Instructions to follow
For the material below, output exactly the span from the line with "The Thomas sectional" to the line with "- Enter the", including both, and nothing besides.

Source data
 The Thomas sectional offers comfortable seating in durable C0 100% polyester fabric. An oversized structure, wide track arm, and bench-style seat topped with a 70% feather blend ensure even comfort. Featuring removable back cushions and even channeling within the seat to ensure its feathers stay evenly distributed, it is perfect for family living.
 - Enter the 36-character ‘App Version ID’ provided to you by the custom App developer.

...

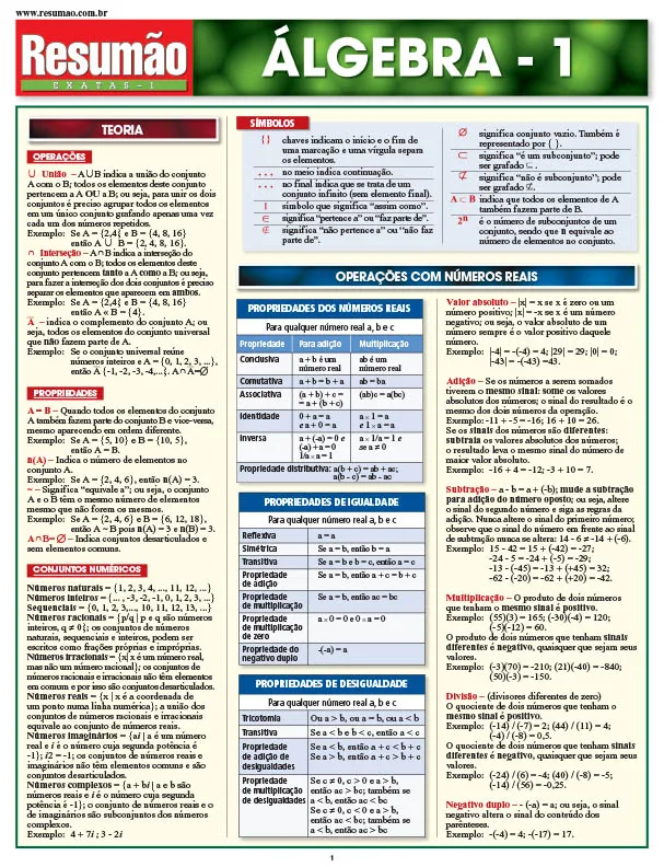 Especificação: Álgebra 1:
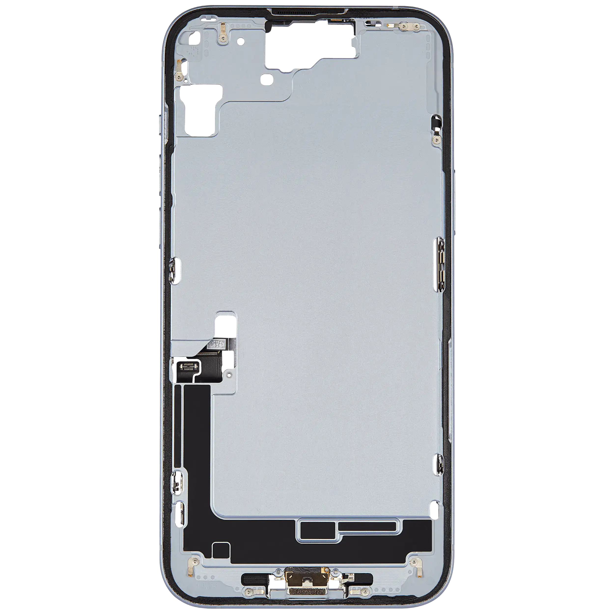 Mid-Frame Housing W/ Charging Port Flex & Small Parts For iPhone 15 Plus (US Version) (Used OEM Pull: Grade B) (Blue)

Exercise solution
 The Thomas sectional offers comfortable seating in durable C0 100% polyester fabric. An oversized structure, wide track arm, and bench-style seat topped with a 70% feather blend ensure even comfort. Featuring removable back cushions and even channeling within the seat to ensure its feathers stay evenly distributed, it is perfect for family living.
 - Enter the 36-character ‘App Version ID’ provided to you by the custom App developer.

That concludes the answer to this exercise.